Cars made by Japanese manufacturers will be in short supply at the largest U.S. dealer chain this spring and summer because of last month's earthquake and tsunami.

AutoNation Inc. CEO Mike Jackson said Monday that his company expects disruptions at factories to limit the availability of new vehicles at showrooms. He based his prediction on information from the automakers, he said.

More than half of AutoNation's new vehicle sales last year came from cars and trucks made by Japanese manufacturers. About two thirds of those vehicles were assembled in North America.

A March 11 earthquake and tsunami damaged auto parts plants in Northeastern Japan, causing shortages that idled most car production in that nation. The parts shortages also affected manufacturers outside the country. Just last week, Ford Motor Co. and Nissan Motor Co. said that several North American plants would be closed part of this month due to shortages, and Chrysler CEO Sergio Marchionne has said his company will see disruptions.

Jackson said it was difficult to predict the effect of the shortages on AutoNation. The company has 243 new vehicle dealership franchises in 15 states.

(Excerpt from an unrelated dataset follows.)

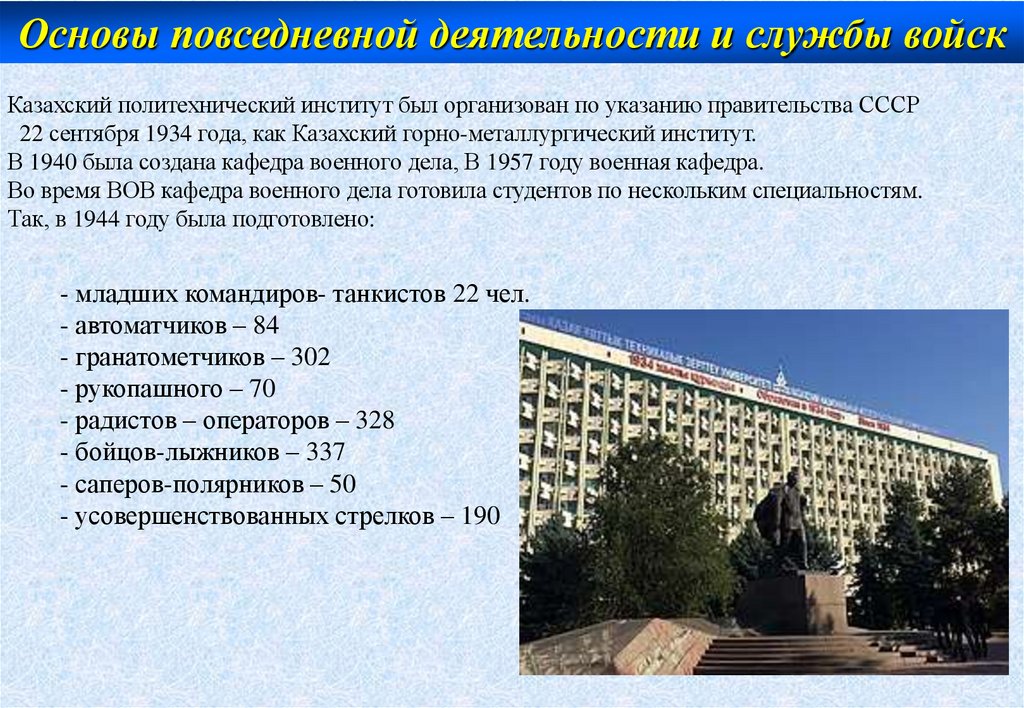 Основы повседневной деятельности и службы войскКазахский политехнический институт был организован по указанию правительства СССР

Japan's daily auto production has fallen by about 37,000 vehicles, says Scotiabank Senior Economist Carlos Gomes.

Nissan Americas is closing five North American plants for several days this month because of parts supply disruptions. It plans to make up for the lost production later.

In Japan, Toyota Motor Corp said last week that nine of its 15 plants in Japan have resumed production of vehicles or parts. The rest remained closed indefinitely.

Honda Motor Co. plans to restart its Sayama Plant and Suzuka Factory on April 11. When those two plants come back on line, all of Honda's auto assembly plants will be back in operation, but they'll be running at about half the normal rate because of parts shortages.

Jackson expects the U.S. auto market to keep recovering through the end of this year. He said AutoNation will manage through any shortfalls.